**WHAT THE TASK REQUIRES**:
Render every line of the data exactly as written, and leave out the pictures.

[Recorded data]
____
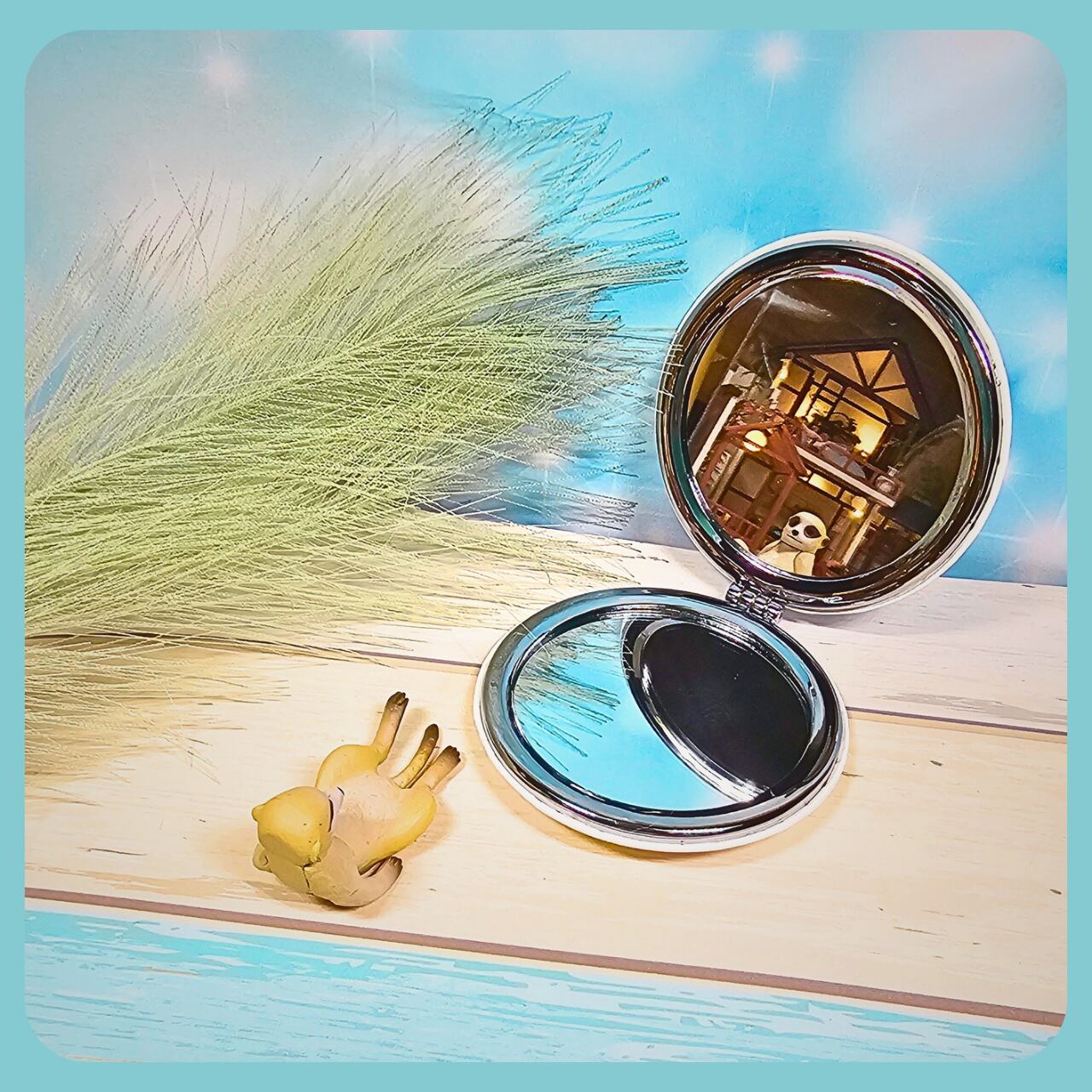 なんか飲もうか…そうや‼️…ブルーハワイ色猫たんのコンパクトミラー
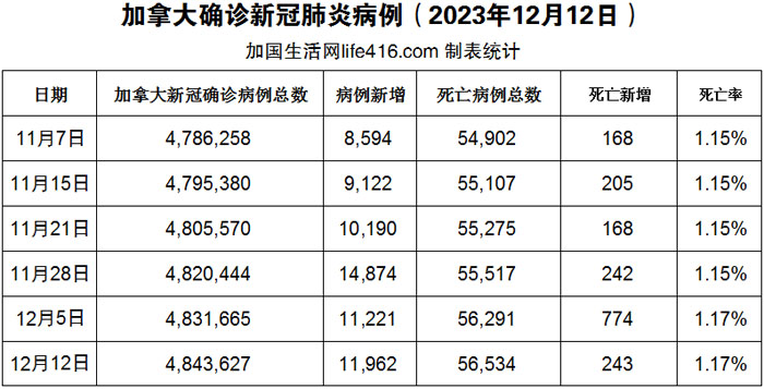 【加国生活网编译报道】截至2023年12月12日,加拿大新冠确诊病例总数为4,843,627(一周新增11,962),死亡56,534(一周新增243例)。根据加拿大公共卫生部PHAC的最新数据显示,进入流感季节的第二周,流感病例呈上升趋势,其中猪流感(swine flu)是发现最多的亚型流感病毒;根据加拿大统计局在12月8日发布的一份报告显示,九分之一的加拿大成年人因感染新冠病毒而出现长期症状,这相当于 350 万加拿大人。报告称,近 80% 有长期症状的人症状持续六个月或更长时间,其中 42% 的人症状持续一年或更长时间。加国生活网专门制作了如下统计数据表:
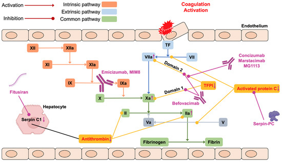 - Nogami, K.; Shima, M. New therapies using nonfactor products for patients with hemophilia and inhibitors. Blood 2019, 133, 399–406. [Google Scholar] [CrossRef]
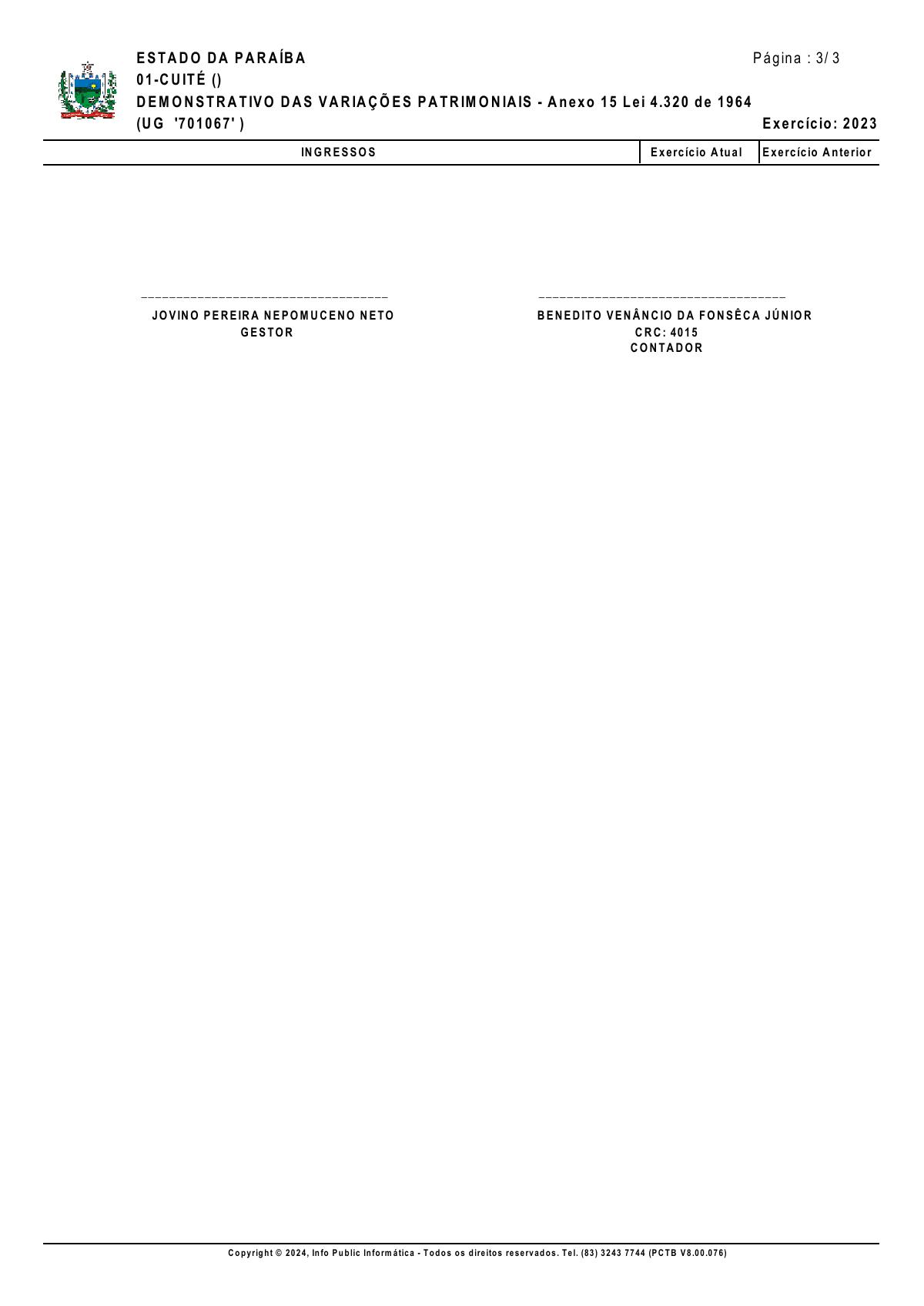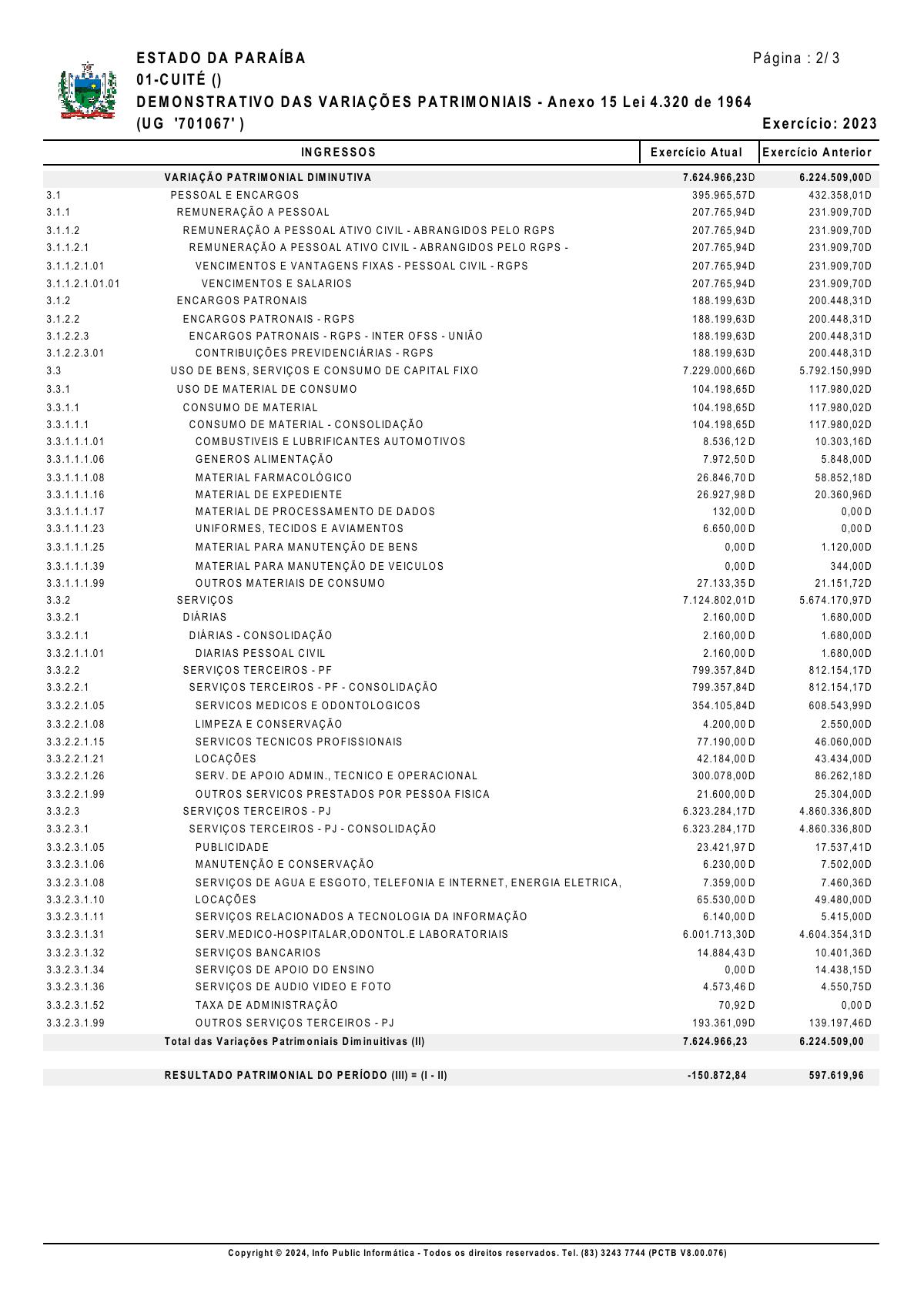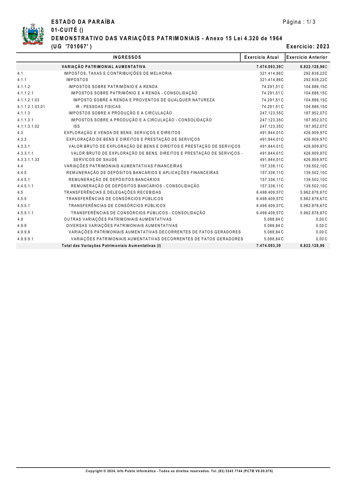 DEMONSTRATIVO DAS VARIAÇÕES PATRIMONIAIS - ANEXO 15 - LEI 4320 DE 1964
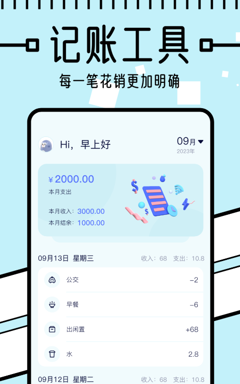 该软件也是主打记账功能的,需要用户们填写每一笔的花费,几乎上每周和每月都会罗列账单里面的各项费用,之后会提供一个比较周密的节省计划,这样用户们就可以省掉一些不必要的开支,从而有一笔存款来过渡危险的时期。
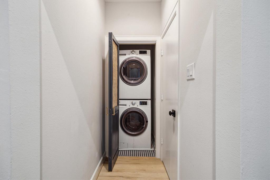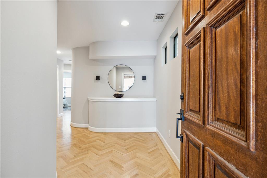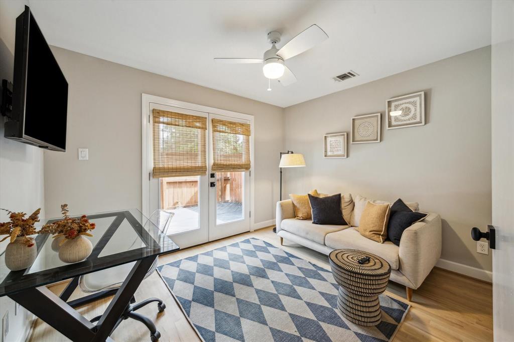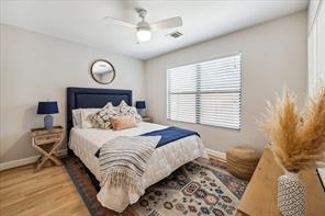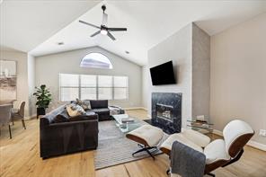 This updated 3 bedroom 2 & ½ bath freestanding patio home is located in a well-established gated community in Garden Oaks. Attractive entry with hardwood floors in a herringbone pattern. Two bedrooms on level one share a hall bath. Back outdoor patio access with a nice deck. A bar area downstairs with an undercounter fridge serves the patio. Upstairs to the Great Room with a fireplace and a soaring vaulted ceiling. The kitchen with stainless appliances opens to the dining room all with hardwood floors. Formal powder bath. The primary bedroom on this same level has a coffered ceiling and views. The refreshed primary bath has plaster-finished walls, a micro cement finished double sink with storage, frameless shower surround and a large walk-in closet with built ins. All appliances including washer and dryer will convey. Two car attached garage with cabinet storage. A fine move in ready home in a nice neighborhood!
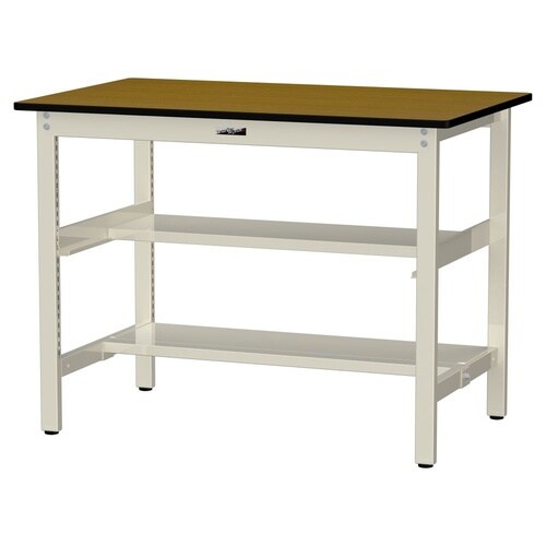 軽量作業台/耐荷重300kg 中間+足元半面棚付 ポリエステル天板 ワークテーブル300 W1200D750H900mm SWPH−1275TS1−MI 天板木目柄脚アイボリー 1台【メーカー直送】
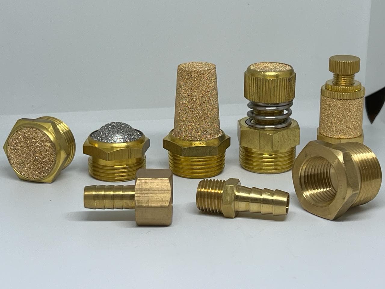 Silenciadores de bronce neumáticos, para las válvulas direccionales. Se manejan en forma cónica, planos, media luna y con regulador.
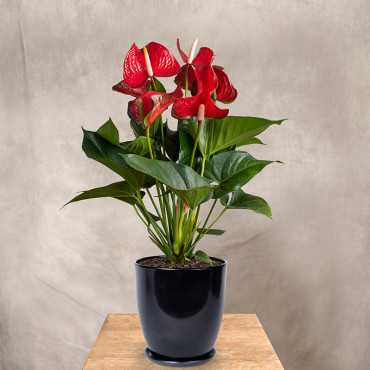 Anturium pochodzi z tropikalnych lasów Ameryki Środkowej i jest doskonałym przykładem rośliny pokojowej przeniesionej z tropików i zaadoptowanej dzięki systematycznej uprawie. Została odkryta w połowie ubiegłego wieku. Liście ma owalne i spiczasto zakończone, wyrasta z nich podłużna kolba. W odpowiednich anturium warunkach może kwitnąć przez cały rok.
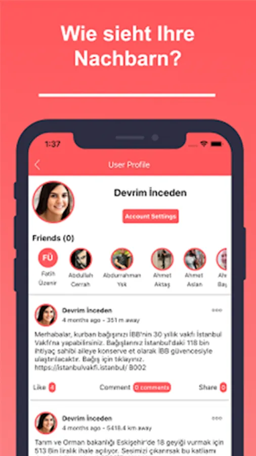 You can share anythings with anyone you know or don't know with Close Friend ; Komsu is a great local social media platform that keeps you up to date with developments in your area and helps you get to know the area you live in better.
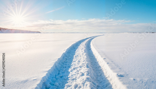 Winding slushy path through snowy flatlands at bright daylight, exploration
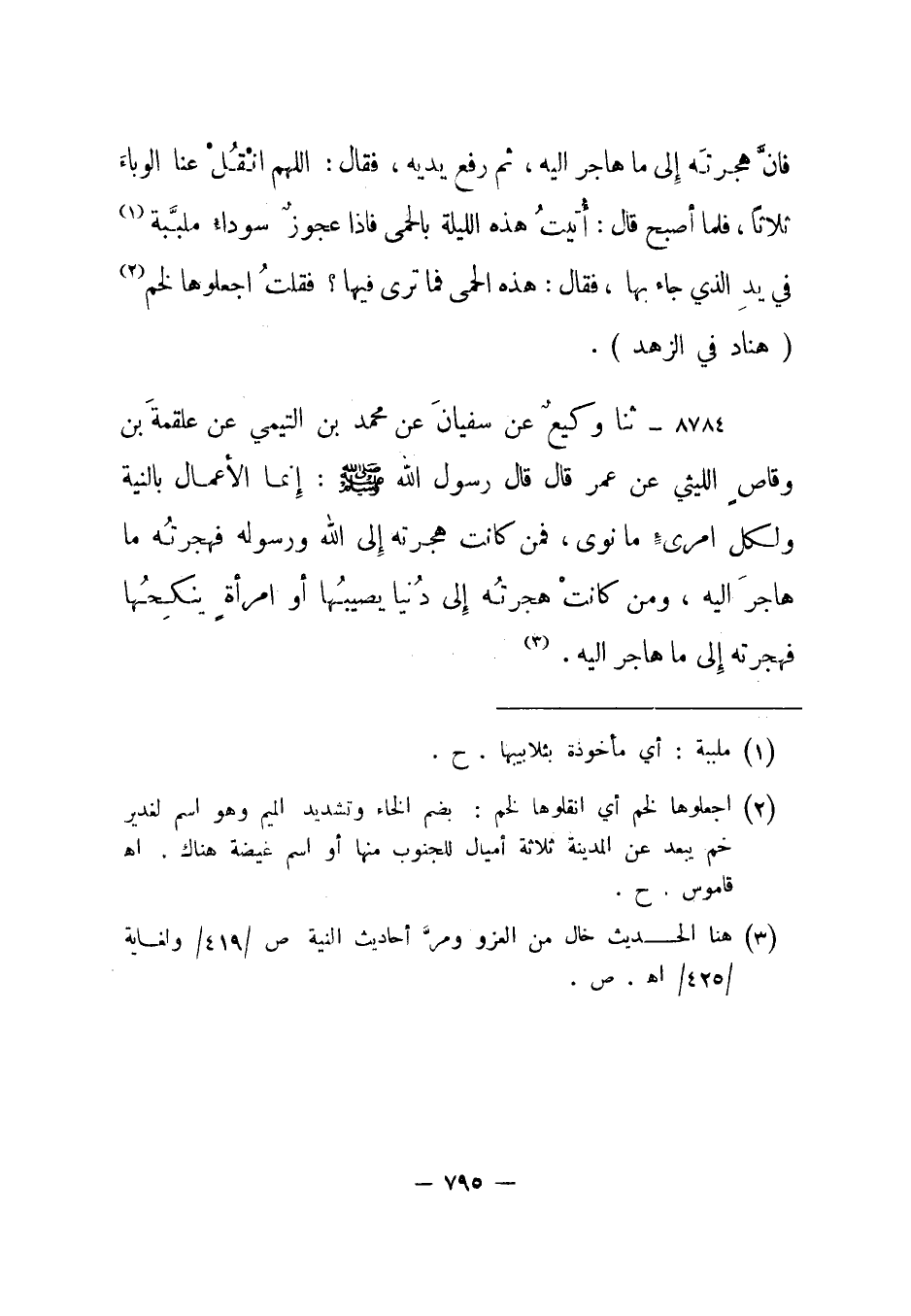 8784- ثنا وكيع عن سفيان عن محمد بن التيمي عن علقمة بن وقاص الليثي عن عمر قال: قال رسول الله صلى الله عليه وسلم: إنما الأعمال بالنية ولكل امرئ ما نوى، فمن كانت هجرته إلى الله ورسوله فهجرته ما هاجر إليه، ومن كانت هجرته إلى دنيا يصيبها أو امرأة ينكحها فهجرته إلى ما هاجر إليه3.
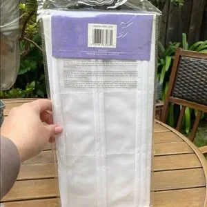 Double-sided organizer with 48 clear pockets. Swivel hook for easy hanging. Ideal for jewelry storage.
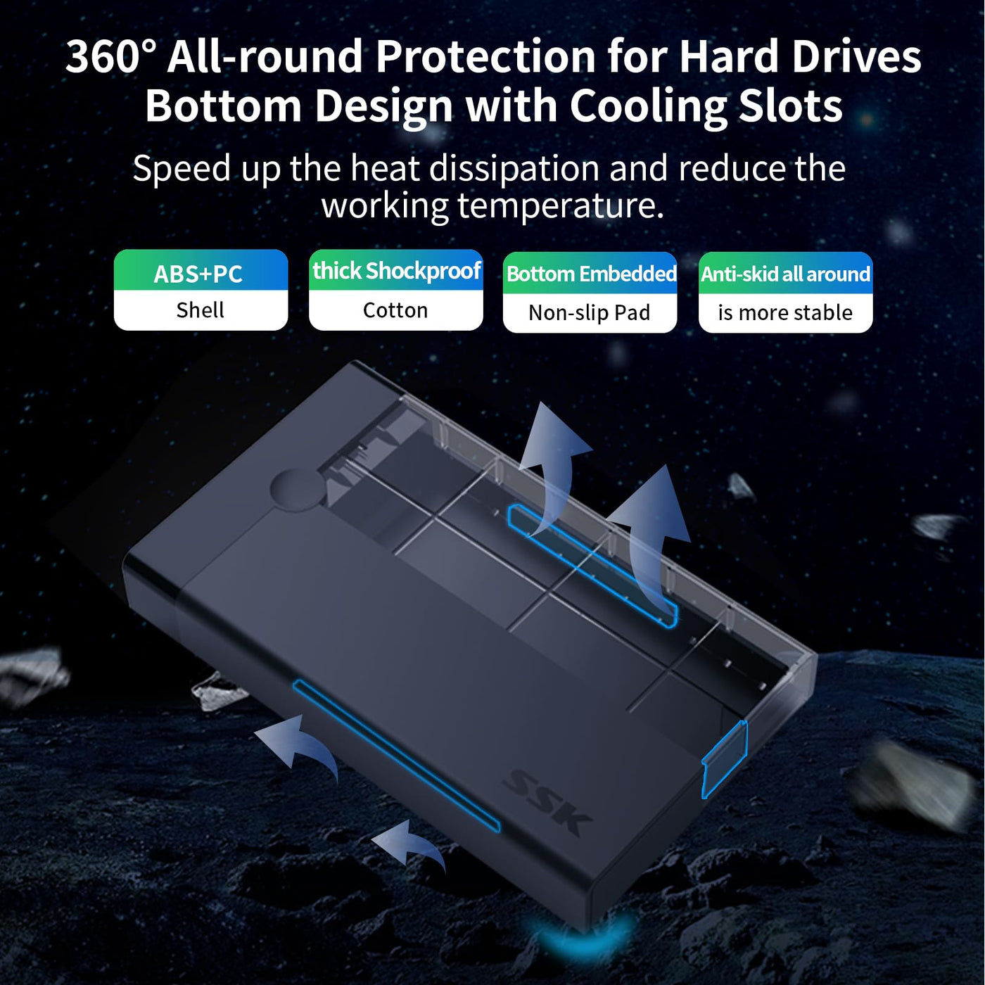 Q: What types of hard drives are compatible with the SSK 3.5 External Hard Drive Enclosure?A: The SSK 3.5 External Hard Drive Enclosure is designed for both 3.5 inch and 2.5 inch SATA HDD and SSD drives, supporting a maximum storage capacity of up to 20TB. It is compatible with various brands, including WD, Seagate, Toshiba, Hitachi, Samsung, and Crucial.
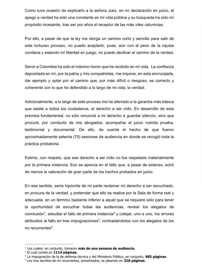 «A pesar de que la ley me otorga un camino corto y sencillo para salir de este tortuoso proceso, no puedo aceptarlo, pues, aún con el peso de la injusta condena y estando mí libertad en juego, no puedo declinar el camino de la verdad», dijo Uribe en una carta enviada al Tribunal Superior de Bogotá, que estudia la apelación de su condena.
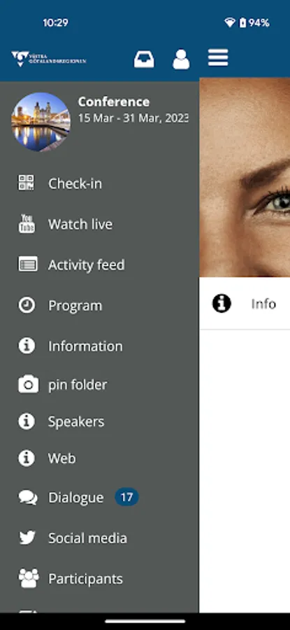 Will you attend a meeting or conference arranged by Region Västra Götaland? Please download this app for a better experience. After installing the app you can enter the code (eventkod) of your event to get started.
____
**EXPECTED ANSWER**:
 なんか飲もうか…そうや‼️…ブルーハワイ色猫たんのコンパクトミラー
 【加国生活网编译报道】截至2023年12月12日,加拿大新冠确诊病例总数为4,843,627(一周新增11,962),死亡56,534(一周新增243例)。根据加拿大公共卫生部PHAC的最新数据显示,进入流感季节的第二周,流感病例呈上升趋势,其中猪流感(swine flu)是发现最多的亚型流感病毒;根据加拿大统计局在12月8日发布的一份报告显示,九分之一的加拿大成年人因感染新冠病毒而出现长期症状,这相当于 350 万加拿大人。报告称,近 80% 有长期症状的人症状持续六个月或更长时间,其中 42% 的人症状持续一年或更长时间。加国生活网专门制作了如下统计数据表:
 - Nogami, K.; Shima, M. New therapies using nonfactor products for patients with hemophilia and inhibitors. Blood 2019, 133, 399–406. [Google Scholar] [CrossRef]
 DEMONSTRATIVO DAS VARIAÇÕES PATRIMONIAIS - ANEXO 15 - LEI 4320 DE 1964
 该软件也是主打记账功能的,需要用户们填写每一笔的花费,几乎上每周和每月都会罗列账单里面的各项费用,之后会提供一个比较周密的节省计划,这样用户们就可以省掉一些不必要的开支,从而有一笔存款来过渡危险的时期。
 This updated 3 bedroom 2 & ½ bath freestanding patio home is located in a well-established gated community in Garden Oaks. Attractive entry with hardwood floors in a herringbone pattern. Two bedrooms on level one share a hall bath. Back outdoor patio access with a nice deck. A bar area downstairs with an undercounter fridge serves the patio. Upstairs to the Great Room with a fireplace and a soaring vaulted ceiling. The kitchen with stainless appliances opens to the dining room all with hardwood floors. Formal powder bath. The primary bedroom on this same level has a coffered ceiling and views. The refreshed primary bath has plaster-finished walls, a micro cement finished double sink with storage, frameless shower surround and a large walk-in closet with built ins. All appliances including washer and dryer will convey. Two car attached garage with cabinet storage. A fine move in ready home in a nice neighborhood!
 軽量作業台/耐荷重300kg 中間+足元半面棚付 ポリエステル天板 ワークテーブル300 W1200D750H900mm SWPH−1275TS1−MI 天板木目柄脚アイボリー 1台【メーカー直送】
 Silenciadores de bronce neumáticos, para las válvulas direccionales. Se manejan en forma cónica, planos, media luna y con regulador.
 Anturium pochodzi z tropikalnych lasów Ameryki Środkowej i jest doskonałym przykładem rośliny pokojowej przeniesionej z tropików i zaadoptowanej dzięki systematycznej uprawie. Została odkryta w połowie ubiegłego wieku. Liście ma owalne i spiczasto zakończone, wyrasta z nich podłużna kolba. W odpowiednich anturium warunkach może kwitnąć przez cały rok.
 You can share anythings with anyone you know or don't know with Close Friend ; Komsu is a great local social media platform that keeps you up to date with developments in your area and helps you get to know the area you live in better.
 Winding slushy path through snowy flatlands at bright daylight, exploration
 8784- ثنا وكيع عن سفيان عن محمد بن التيمي عن علقمة بن وقاص الليثي عن عمر قال: قال رسول الله صلى الله عليه وسلم: إنما الأعمال بالنية ولكل امرئ ما نوى، فمن كانت هجرته إلى الله ورسوله فهجرته ما هاجر إليه، ومن كانت هجرته إلى دنيا يصيبها أو امرأة ينكحها فهجرته إلى ما هاجر إليه3.
 Double-sided organizer with 48 clear pockets. Swivel hook for easy hanging. Ideal for jewelry storage.
 Q: What types of hard drives are compatible with the SSK 3.5 External Hard Drive Enclosure?A: The SSK 3.5 External Hard Drive Enclosure is designed for both 3.5 inch and 2.5 inch SATA HDD and SSD drives, supporting a maximum storage capacity of up to 20TB. It is compatible with various brands, including WD, Seagate, Toshiba, Hitachi, Samsung, and Crucial.
 «A pesar de que la ley me otorga un camino corto y sencillo para salir de este tortuoso proceso, no puedo aceptarlo, pues, aún con el peso de la injusta condena y estando mí libertad en juego, no puedo declinar el camino de la verdad», dijo Uribe en una carta enviada al Tribunal Superior de Bogotá, que estudia la apelación de su condena.
 Will you attend a meeting or conference arranged by Region Västra Götaland? Please download this app for a better experience. After installing the app you can enter the code (eventkod) of your event to get started.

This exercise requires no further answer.